* WORK INSTRUCTIONS *
Copy the lines from the start of the records below through the line containing "Restaurieren einer beschädigten", both included, and leave out the pictures.

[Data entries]
Content starts
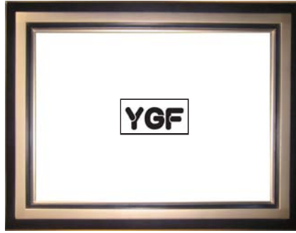
SR02-1 ダークナイトブルー-G
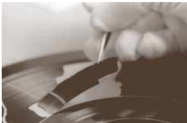
Restaurieren einer beschädigten 78-T-Platte vor dem Umkopieren.

Die originalen 78-T-Platten von SRG SSR idée suisse wurden in die Schweizerische Landesbibliothek nach Bern verlagert, denn ihr Zustand verschlechtert sich schnell, und die Studios haben immer weniger Platz, um die Dokumente sicher aufzubewahren. Die Schweizerische Landesphonothek kontrolliert, ob durch die Klimatisierung in der Landesbibliothek der Zerfallsprozess gestoppt oder verlangsamt werden kann.
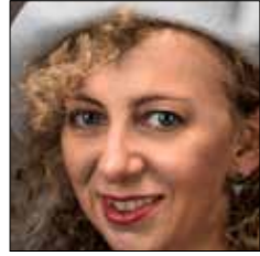
Şölen Kipöz Moda ve Tekstil Tasarımı Bölümü // Dept. of Fashion and Textile Design
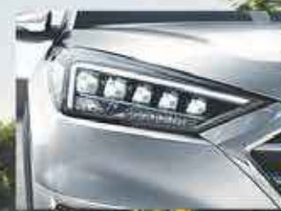
Phares à décharge haute intensité
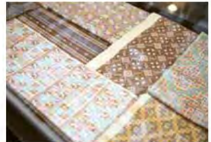
ผ้าทอลายไทย
Content ends
* WRITTEN ANSWER *
SR02-1 ダークナイトブルー-G
Restaurieren einer beschädigten 78-T-Platte vor dem Umkopieren.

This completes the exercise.